[Opening Exercise data section]

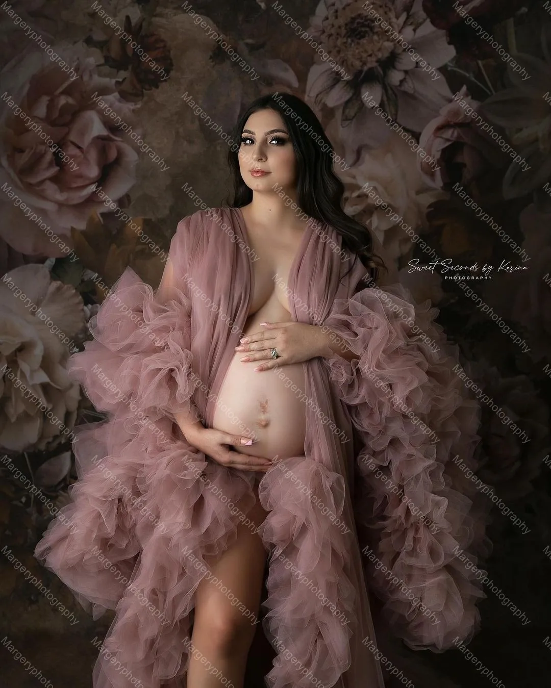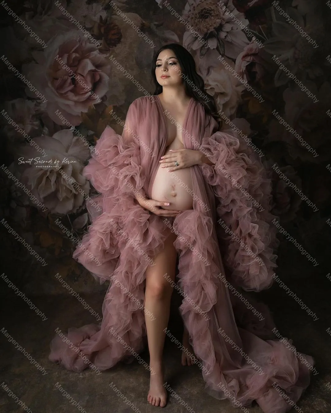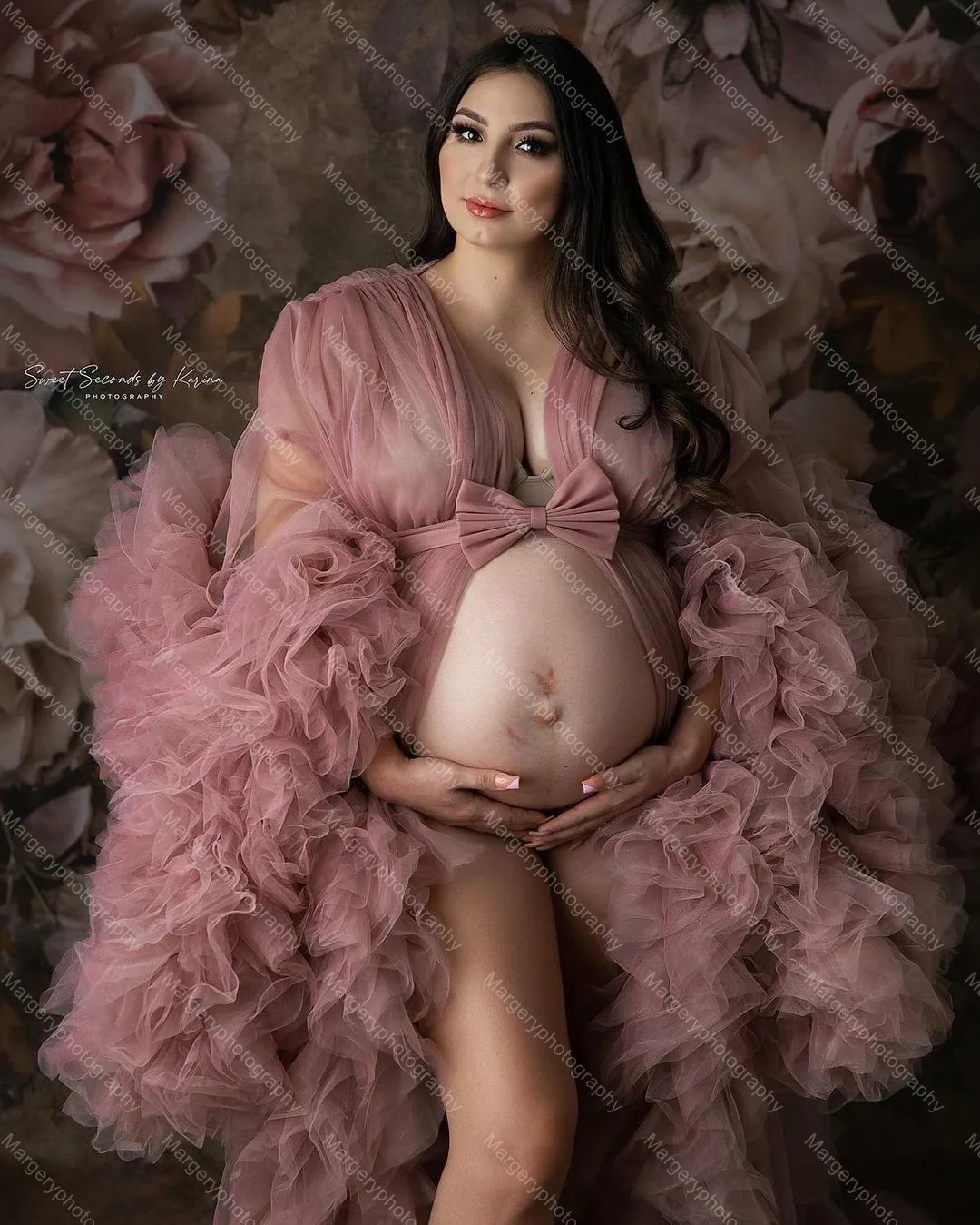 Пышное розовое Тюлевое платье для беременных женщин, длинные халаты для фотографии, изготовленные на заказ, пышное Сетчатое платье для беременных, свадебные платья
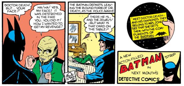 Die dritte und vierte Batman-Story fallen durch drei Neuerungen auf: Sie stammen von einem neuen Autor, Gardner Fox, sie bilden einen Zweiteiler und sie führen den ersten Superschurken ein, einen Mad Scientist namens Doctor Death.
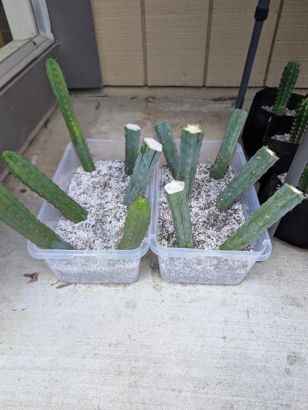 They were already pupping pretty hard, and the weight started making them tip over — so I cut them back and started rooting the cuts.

[Closing Exercise data section]
[Opening Exercise data section]

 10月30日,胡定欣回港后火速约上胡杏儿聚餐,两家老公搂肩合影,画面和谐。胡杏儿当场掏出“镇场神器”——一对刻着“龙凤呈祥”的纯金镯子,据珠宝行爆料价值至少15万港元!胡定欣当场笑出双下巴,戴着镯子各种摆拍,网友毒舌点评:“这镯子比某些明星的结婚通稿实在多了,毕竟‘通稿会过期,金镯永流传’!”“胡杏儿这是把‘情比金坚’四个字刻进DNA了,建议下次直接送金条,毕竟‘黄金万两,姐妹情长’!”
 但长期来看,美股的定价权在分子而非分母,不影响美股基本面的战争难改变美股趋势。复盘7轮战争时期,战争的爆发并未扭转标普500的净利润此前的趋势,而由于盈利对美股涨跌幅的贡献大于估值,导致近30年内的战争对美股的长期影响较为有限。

[Closing Exercise data section]

▶ [Work order]: Looking at the entries above, can you reproduce exactly the lines from the one that holds "10月30日,胡定欣回港后火" through the one that holds "但长期来看,美股的定价权在分", and only those?

▶ [Output of the task]:
 10月30日,胡定欣回港后火速约上胡杏儿聚餐,两家老公搂肩合影,画面和谐。胡杏儿当场掏出“镇场神器”——一对刻着“龙凤呈祥”的纯金镯子,据珠宝行爆料价值至少15万港元!胡定欣当场笑出双下巴,戴着镯子各种摆拍,网友毒舌点评:“这镯子比某些明星的结婚通稿实在多了,毕竟‘通稿会过期,金镯永流传’!”“胡杏儿这是把‘情比金坚’四个字刻进DNA了,建议下次直接送金条,毕竟‘黄金万两,姐妹情长’!”
 但长期来看,美股的定价权在分子而非分母,不影响美股基本面的战争难改变美股趋势。复盘7轮战争时期,战争的爆发并未扭转标普500的净利润此前的趋势,而由于盈利对美股涨跌幅的贡献大于估值,导致近30年内的战争对美股的长期影响较为有限。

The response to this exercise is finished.